Стол этот — по контрасту, что ли? — сиял ослепительной чистотой, на нем не было ничего, кроме перекидного календаря и блика от солнечных лучей, косо падавших в открытое окно. Своей пустынностью стол наилучшим образом отображал характер хозяина, носившего в редакции прозвище Брут и охотно на него откликавшегося, а если полностью, то — Семена Брутковского. Присутствию в редакции Семен упорно предпочитал общение с авторами в местах их пребывания, и его не смущало, где это — в Москве или Якутске. Говорили, что на него приходится половина командировочного фонда редакции, но уж чем-чем, а командировками журналиста не упрекнешь, скорее похвалишь. За пустым стулом, расшатанным грузным телом Брута, висела на стене карта СССР с небрежно, шариковой ручкой прочерченной трассой БАМа. Там сейчас Брут и находился, отправившись за статьями, которые, по замыслу Травникова, должны были продолжить серию, которую он мысленно для себя именовал «Чего ждут практики от ученых».

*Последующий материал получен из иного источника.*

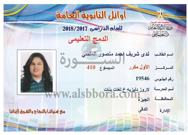 ننشر لكم بالاسماء والمجموع والمدرسة اسماء اوائل الثانوية العامة لطلاب الدمج
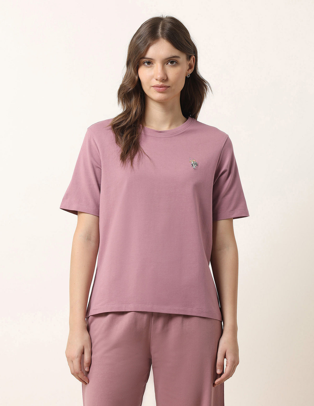 | Ribbed crew neck | Embroidered logo at chest | Short sleeves | Straight hemline | Solid pattern | Knitted | Boxy fit |
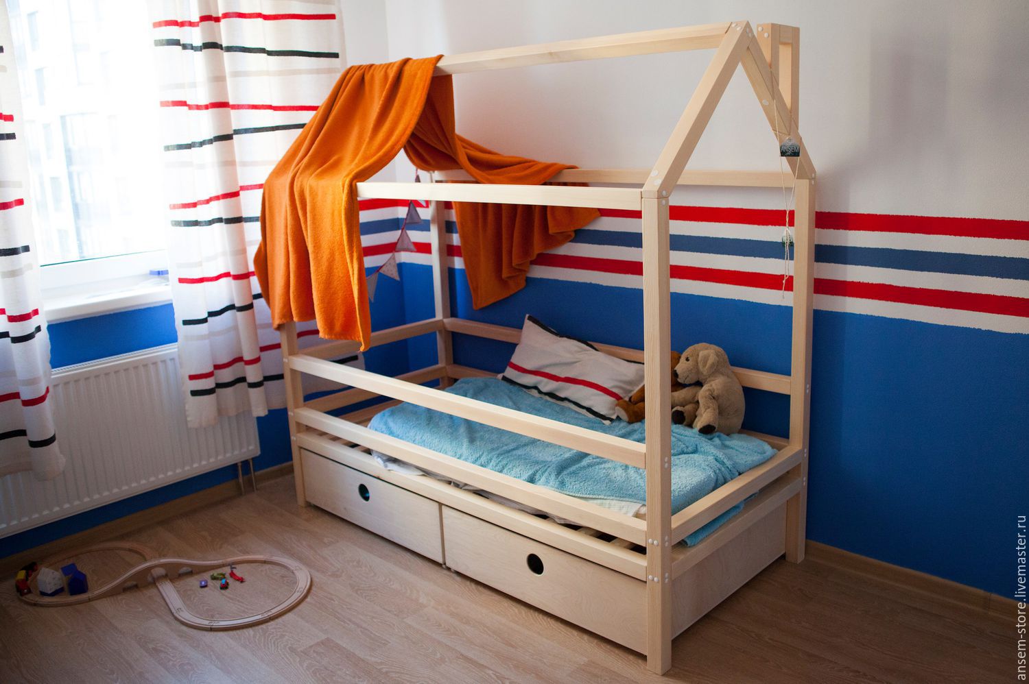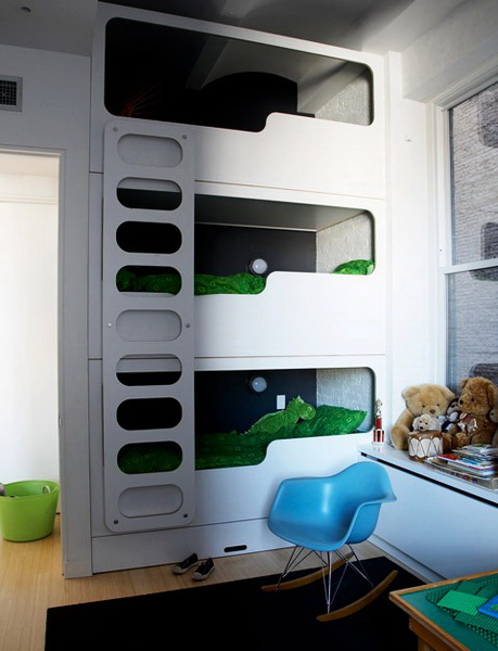 des lits inhabituels peuvent être réalisés sous la forme d'une maison avec de nombreux casiers, pouvant être utilisés pour deux enfants;

Вспомнив о Бруте, Травников снова вздохнул: вот бы тогда не брать самому перо в руки, а поручить все толстяку, он-то уж не стал бы сочинять, отправился на завод и заставил написать заметку лично самого директора. Запоздалая простота решения снова кольнула, но не сильно — все проходит, утешил себя Травников, и это пройдет. Потянул за узел галстука и расстегнул пуговицу на воротнике. На часах было половина шестого, и он принялся вычитывать подборку, идущую в следующий номер, — ее предстояло сдать сегодня.

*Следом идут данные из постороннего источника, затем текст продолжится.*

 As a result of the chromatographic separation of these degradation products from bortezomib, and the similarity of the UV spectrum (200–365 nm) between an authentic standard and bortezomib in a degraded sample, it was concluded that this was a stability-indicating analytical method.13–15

В окно с улицы тянуло разогретым асфальтом, запахом пыли и свежей листвы; шаркали подошвы, слышались невнятные голоса, их перебил гул автомобильного мотора, и снова шаги, голоса, шелест деревьев. Люсе, видно, наскучила тишина в комнате, и она, прежде прилежно склоненная над рукописью, стала ныть, доказывать Травникову, что он напрасно заставил ее делать статью про новый метод лечения мигрени: редколлегия пошлет подальше, да и в Минздраве не завизируют, потому что метод, утверждала Люся, вполне шаманский.

Он потом вспоминал этот вечер — распахнутое окно с подсунутым под раму скоросшивателем, и солнце, и притворно-жалостливый голос Люси, вспоминал, как привычно перебрасывался с нею словами, велел не мешать, а заодно поучал: настоящие работники сначала делают, а потом выясняют, что да как и что в конце концов получится, и Люся наконец утихомирилась, скрылась за своей бумажной баррикадой, а он почти управился с заметками, на минуту оторвался от них, сбегал в секретариат — попросить, чтобы удержали по возможности в субботнем номере статью об исследованиях на Марсе, даже поплакался, напомнил, что статья три раза слетала, автор грозится забрать свое сочинение, и по дороге заскочил в библиотеку, проверил, в каком году в России пошел первый поезд. А когда вернулся в отдел, вот тогда Люся и сказала, что ему звонил иностранец.